Africart provides transport solution


A half-scale prototype of the

A half-scale prototype of the "Africart"

The student designers of a cart that converts to a market stall for villages in Africa have won the Engineers Without Borders real world design challenge at Charles Darwin University.

The “Africart”, which is designed for people in refugee camps in Zambia, allows villagers to transport farm produce to market and also has the components to create a mobile shop.
The winning team, including Bachelor of Commerce student Melissa Durston, Bachelor of Electrical Engineering student Matthew Wright and Diploma of Engineering student Geoff Jowett, created the cart as part of the common unit Design and Innovation: Communicating Technology unit at CDU.

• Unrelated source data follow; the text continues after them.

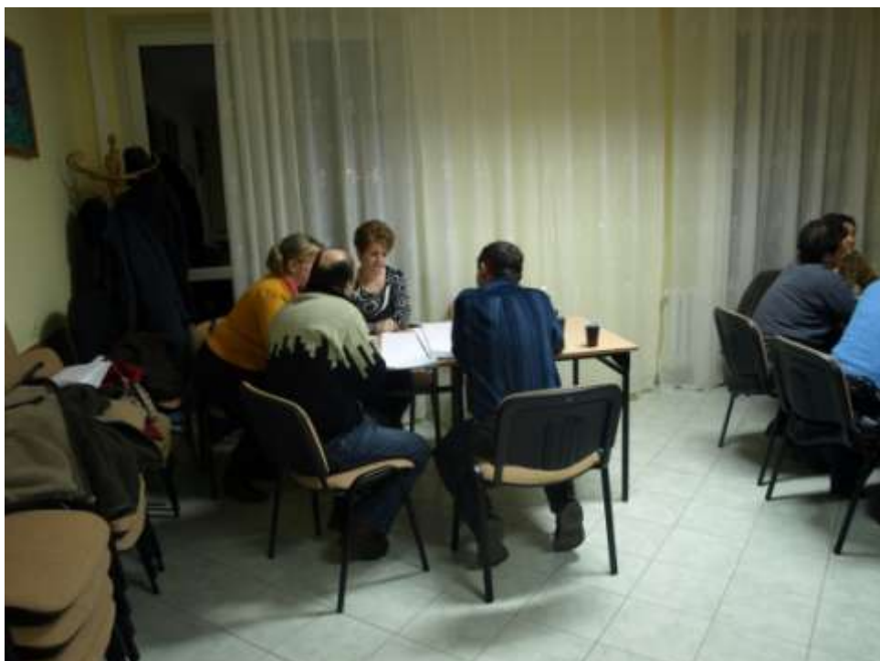
Plan Odnowy Miejscowości Młotkowie wypracowywany był metodami oddolnymi.

Warsztaty w dniu 17 grudnia 2008 roku.
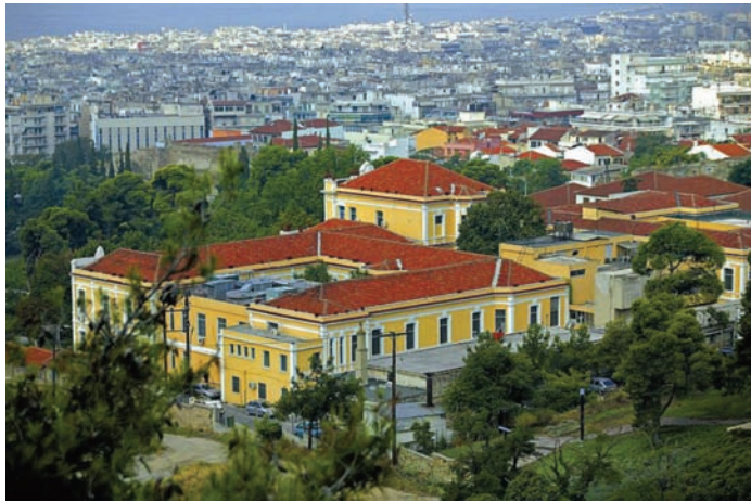
▲ Κεντρικό Νοσοκομείο Θεσσαλονίκης (αρχικά Νοσοκομείο Προσφύγων) "Kentrikon» Hospital of Thessaloniki
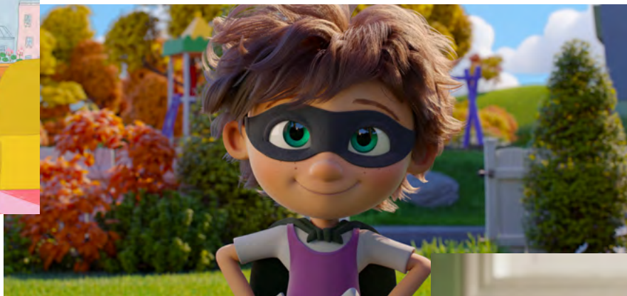
Ella Bella Bingo
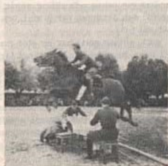
Kapten Falk — Arab ✓
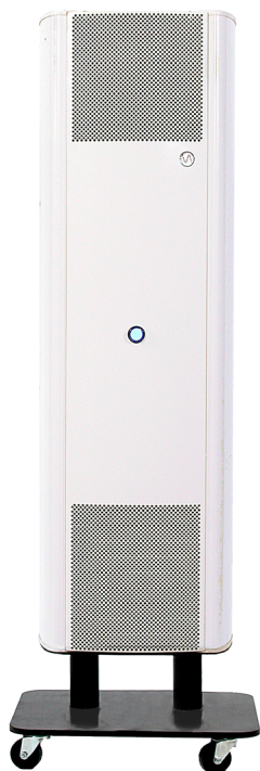
Modello su ruote (-ST)

La serie UV-FAN comprende una vasta gamma di purificatori da parete o su ruote (modello -ST), diversi in base alle potenze UV-C della lampade e alle dimensioni.
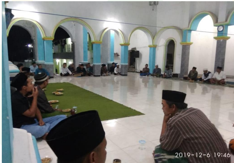
Gambar 4. Rapat persiapan khoul Syekh Abdul Qodir Al-Jaelani bersama masyarakat
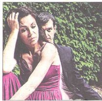
'EL VERGER DE L'AMAT' Literatura de Ramon Llull

Un recull dels principals trets de la biografia llull·liana, combinats amb una tria de faules escollides del Llibre de les bèsties i una selecció acurada d'idees-força, extretes de la novel·la Raimon o el seny fantàstic , de Lluís Racionero. Divendres, dia 27 de maig, a les 19 h. Carpa de la fira.
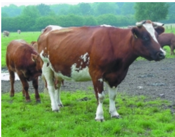
Mutterkuhherde auf der Weide
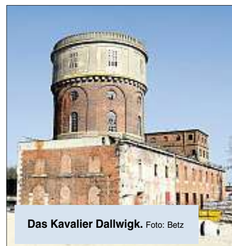
Das Kavalier Dallwigk.
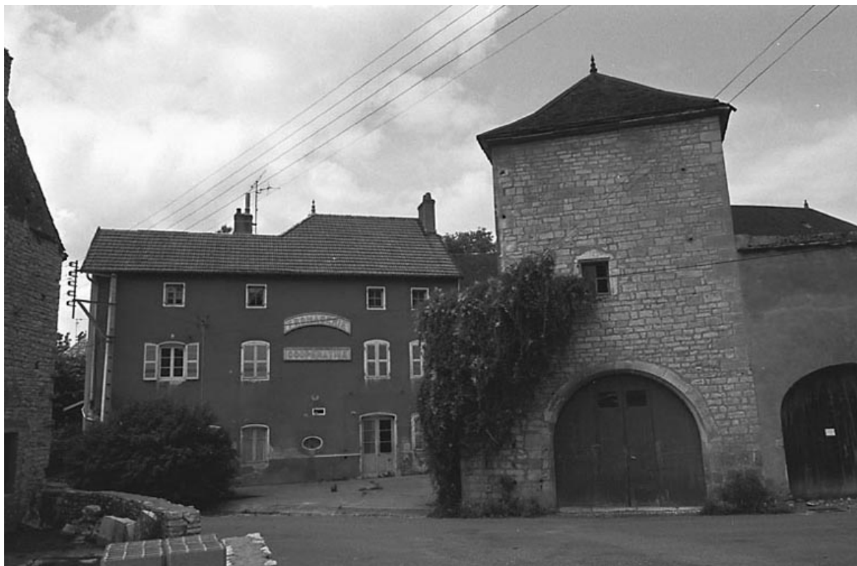
Façade antérieure et pigeonnier.
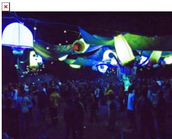
Atmosfera na main flooru

Ovogodišnji Future Nature započeo je u četvrtak 12. kolovoza. Nakon što sam, po prvi put, uspio dogovoriti prijevoz preko Facebook-a, baš toga četvrtka zaputio sam se iz Opatije prema Rovinju. Put je trajao nevjerojatnih šest sati, ali putovao sam u dobrom društvu pa nije bilo jako naporno. U Rovinju me dočekala jedna draga osoba koju nisam vidio gotovo godinu dana. S njom sam se, nažalost, družio samo jednu noć jer sam već u petak kasno navečer, sa troje frendova, otišao u Pulu da posjetim možda najveći trance festival u Hrvatskoj - Future Nature . Ubrzo nakon odlaska iz Rovinja moje noge su odskakivale u nabrijanom ritmu i psihodelično nabrušenim melodijama prenoseći dobre vibracije na cijelo tijelo.
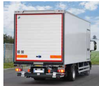
EasyAcc' Air Rolltor vollautomatisch
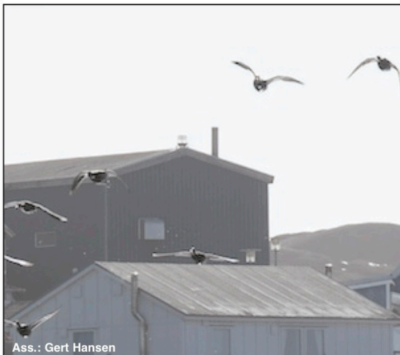
Ass.: Gert Hansen

1. juni 2023 www.kujataamiu.gl • mail: kujataamiu@gmail.com
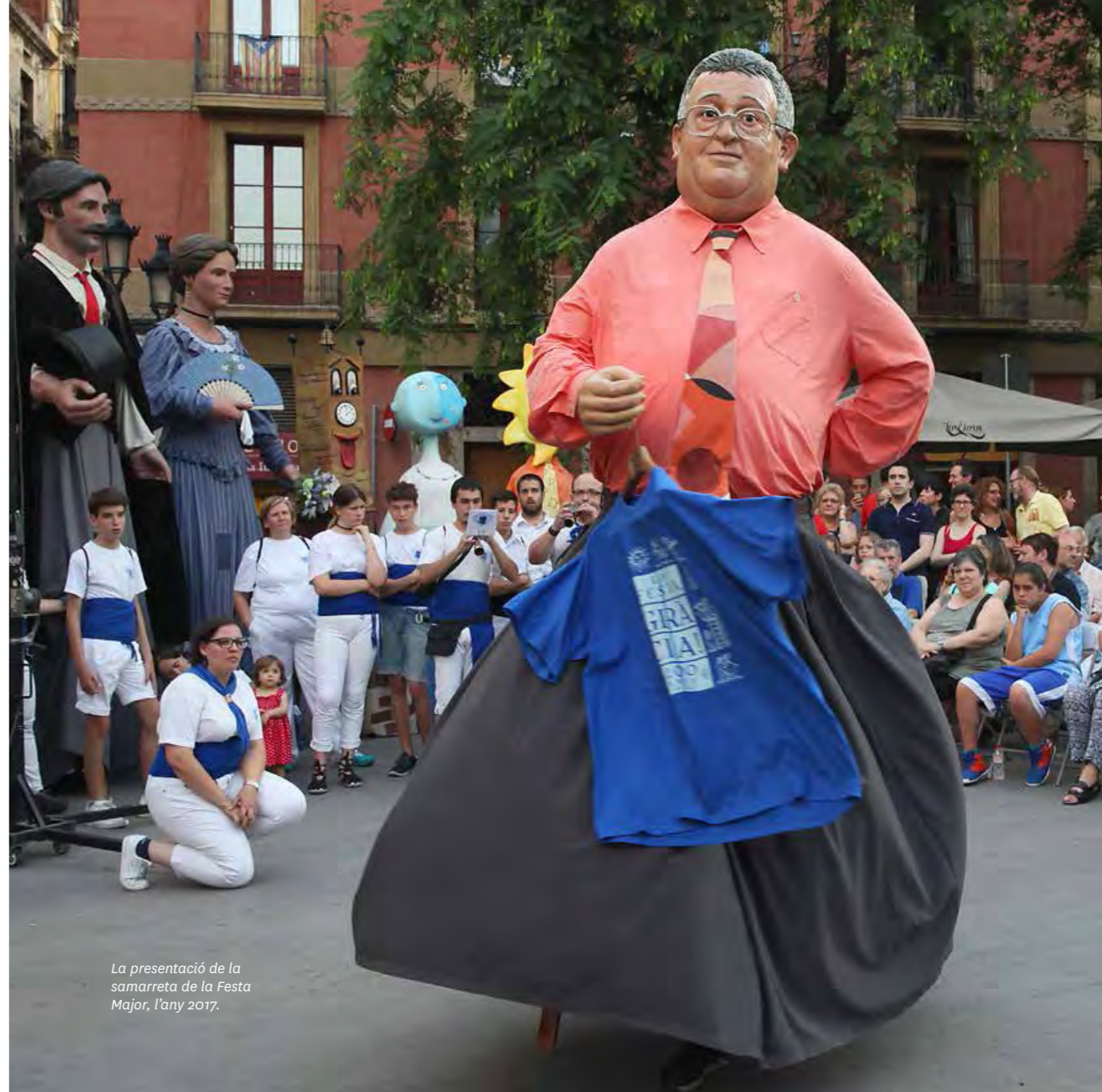
La presentació de la samarreta de la Festa Major, l'any 2017.

Posteriorment, el Gegantó Torres fa un ball i, després, el president de la Fundació Festa Major de Gràcia i el regidor i el president del Districte substitueixen la samarreta de l'any anterior per la nova, i el Gegantó torna a ballar. Tot seguit, es van esmentant tots els carrers i les places que guarneixen el seu espai i un representant de cadascun puja a la tarima a recollir la nova samarreta. També s'esmenten els altres espais de festa. En aquesta part de l'acte, cada vegada que es diu el nom d'un espai els Trabucaires de Gràcia, des del balcó de l'Ajuntament, fan una galejada individual per a cada carrer, cada plaça o cada espai que participa en la Festa Major. L'acte finalitza amb un concert de la Banda Municipal de Barcelona.
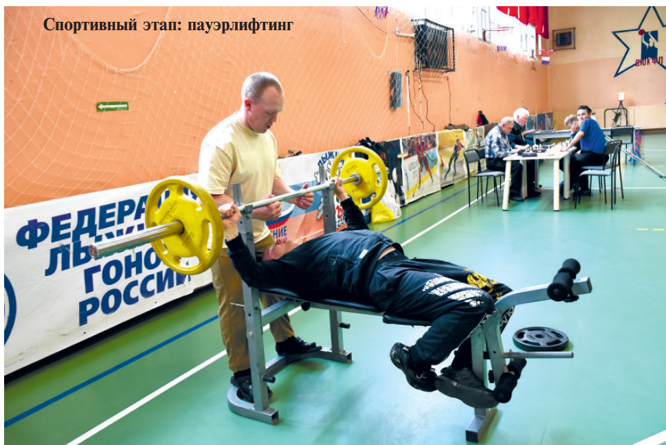
Спортивный этап: пауэрлифтинг
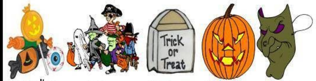
candies children trick or treat bag jack-o'-lantern mask
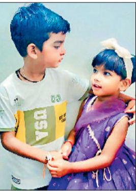
पानीपत। बड़े भाई को राखी बांधती हुई छोटी बहन।

माइयों को राखी बांधने के लिए बहनें सुबह से अपनी ससुराल के मायके के लिए रवाना होना शुरू हो गई थी। हालांकि कुछ जगहों पर
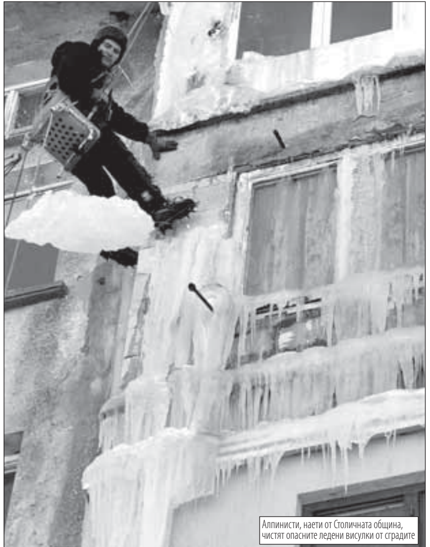
Алпинисти, наети от Столичната община, чистят опасните ледени висулки от сградите
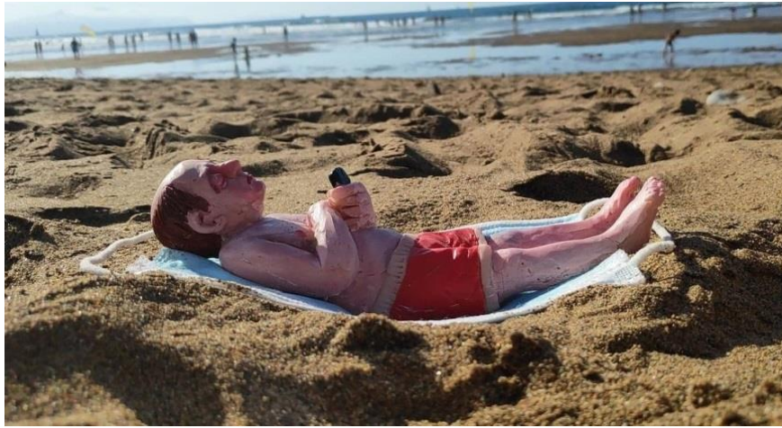
Resim 12. Isaac Cordal, İspanya

Cordal'ın beton bir zeminde küçük bir alanda büyümeyi başarmış bir ot birikintisi yanına yerleştirmiş olduğu, yüzünde maske takılı minyatür heykeli oldukça fazla dikkat çeken çalışmaları arasındadır. Betonlaşarak ilerlemekte olan şehir hayatı ve insanların temiz, doğal ortamlarından uzaklaşarak hayat sürdürme çabası bu kurulum ile aktarılmıştır. Minyatür heykel doğrultusunda yeşil alanlarımızın gittikçe az yer kaplar hale gelişini ve maske kullanımı ile de oksijen kirliliği, salgın hastalıklar vs. gibi durumların çoğalışını Cordal ironik bir dil ile izleyiciye sunmaktadır. Yayılmakta olan şehirleşme durumu, yerküreyi beton ve asfalt ile kaplarken biyoçeşitliliğin yok oluşu hatta ekosistemin de zarar görüşü söz konusudur. İnsanoğlu yaşadığı dünyada gelişimini doğaya, kendi topraklarına zarar vererek sürdüreceği takdirde o topraklara duyulacak olan 'hasret' kalacaktır geriye. Bu düşünce kapsamında bireylerin, devletlerin yaşam yerleri oluşturma gayesi ile ormanları; yeşillik alanları katletmek yerine sürdürülebilir yeşil şehirleşme doğrultusunda bir yol izlemesi, yaşanılacak topraklarda gelecek adına bir umut vaad edebilmektedir.
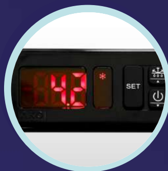
Control electrónico de temperatura
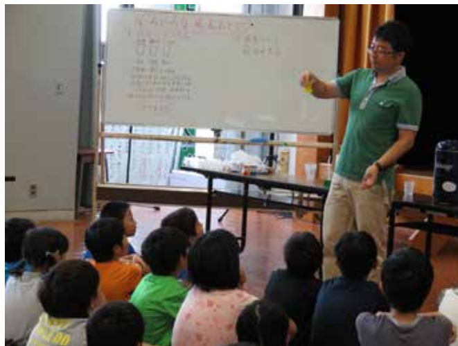
わくわく科学教室の様子
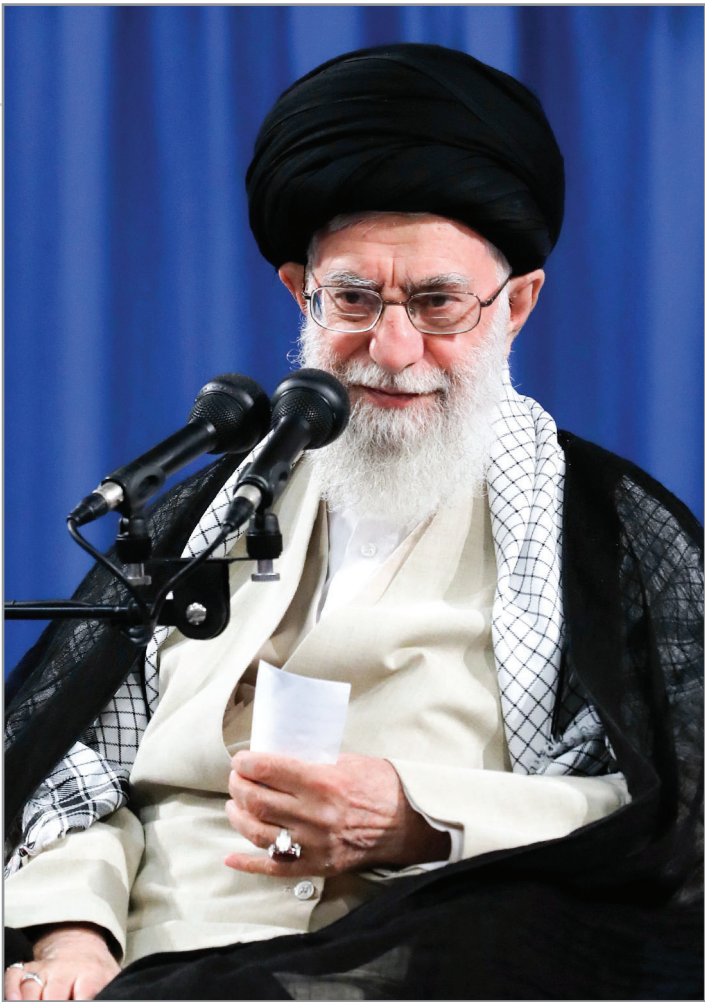
امام خامنه‌ای در دیدار رئیس، مسئولان و جمعی از قضات و کارکنان قوه قضاییه
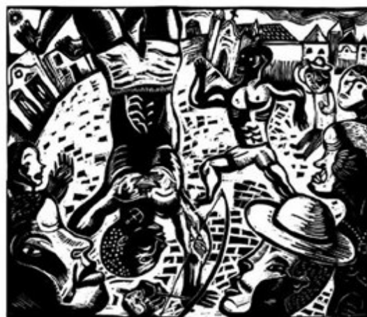
6.3 Imagem para o álbum Couro de Gato João Sánchez Xilogravura.
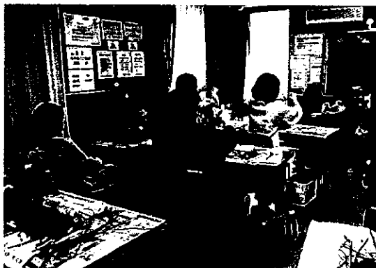
フラワーアレンジメント
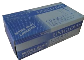
友利格紫蓝色 无粉丁腈手套
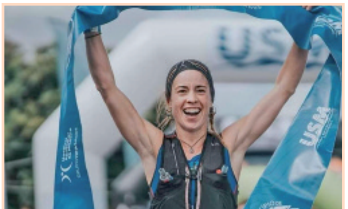
Madeira Sky Racen irabazle.
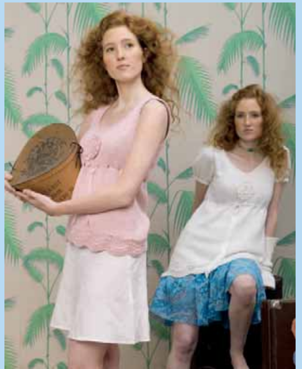
Nr.18713 Design:Ane Sæthre Svale XS-XL
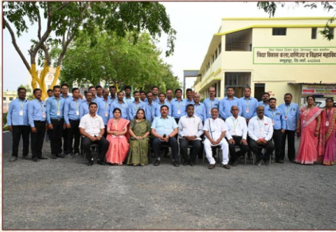
नॅक पिअर टीम सोबत अध्यक्ष, सचिव, प्राचार्य, व शिक्षकेतर कर्मचारी
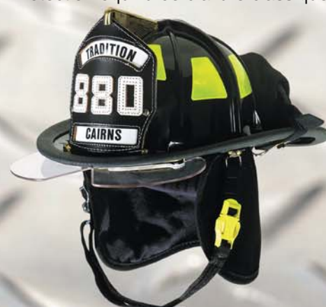
Casque 880 MC Tradition

Construction robuste, résistance quotidienne à toutes épreuves
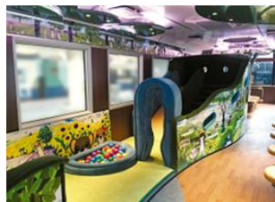
子供に大人気の オコジョ展望車両(イメージ)
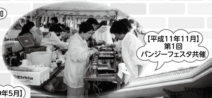
【平成11年11月】 第1回 パンジーフェスタ共催
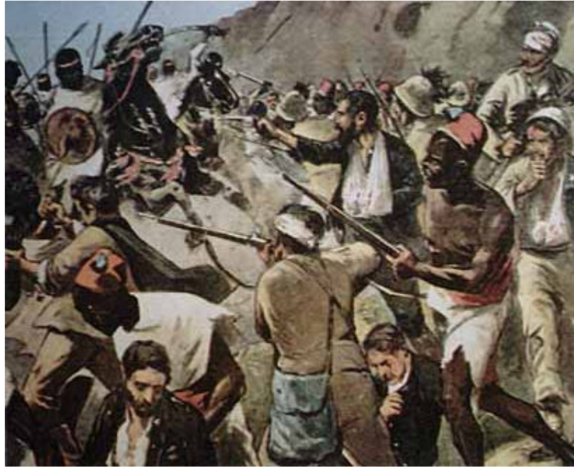
Figura 4 illustrazione popolare di un momento della battaglia di Adua
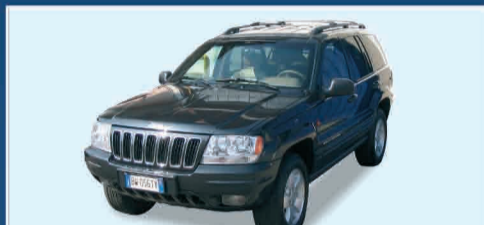
JEEP G. CHEROKEE 3.1 TD LIMITED FULL OPT. - CAT. "N1" - ANNO 2001 € 20.000 IVA ESPOSTA
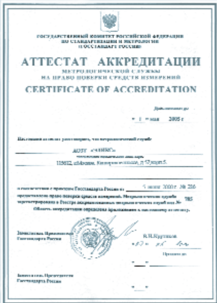
Рис. 5. Аттестат аккредитации на право поверки
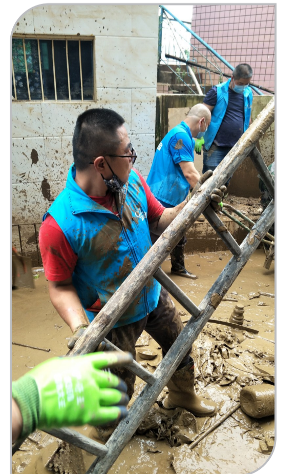
▲志愿者在清淤现场冲锋在前
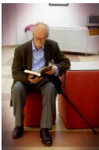
28º VILA DO PORTO 2017

No Ensino Técnico foi professor, primeiro, de Língua e História Pátria e depois, quando o Francês foi introduzido no Ensino Técnico Elemental, passou a lecionar Português e Francês, disciplinas de que também foi professor em colégios privados. Na Faculdade de Ciências Humanas da Universidade Nova de Lisboa lecionou Teoria da Literatura apenas no ano letivo de 1979-80 e na Faculdade de Letras da Universidade (Clássica) de Lisboa, durante mais de vinte anos, até ao ano 2000, História da Literatura Portuguesa e outros Cursos de Língua e Cultura Portuguesa para estudantes estrangeiros.

“We became very passionate about the project because it was a real problem and we wanted to help solve something that was a day-to-day struggle for these people,” Geoff said.

The Australia-wide competition is run through Engineers Without Borders and provides students with a design brief from a real community in need. This year’s challenge focused on the Mayukwayukwa refugee settlement in the Kaoma district of Zambia’s Western Province, which is home to more than 11,000 refugees, most of whom escaped the war in Angola.

Unit co-ordinator Susi Bertei said the aim of the project was for first year students of various disciplines to learn about sustainable design, innovation, academic and professional communication skills in the context of real world design challenges.

“The design brief provides students with details of the issues and needs of the community, such as transport, health, shelter, waste management and water supply,” Ms Bertei said.  “Then choosing from several design areas they present a design solution taking into account cultural and social factors, environmental issues, access to materials and cost.”

Team researcher Melissa Durston said the transport need was something they were inspired to address for the people of Mayukwayukwa because it would have many positive impacts.

“Creating a design that enabled villagers to become self-employed was a practical way to help them escape the cycle of poverty, which was important to our team,” Melissa said.

“We were keen for our design to be adaptable to the height and strength of the user as transporting produce from farm plots to market was undertaken by any age or gender with the strength to do so.”

Team designer Matthew Wright said that to fulfil this requirement the cart had to be modular, which enabled the design to be more than a means to transport produce.

“The Africart consists of four timber crates that when stacked take on the characteristics of a sack trolley; when unstacked they become a pop up shop with shelter,” Matthew said. “Because produce is seasonal, when not being used by one family it can be leased or shared with others in the community.”

The team will now compete in the reginal finals in December. The top four teams selected as part of the national final will have their designs implemented in the community in Zambia.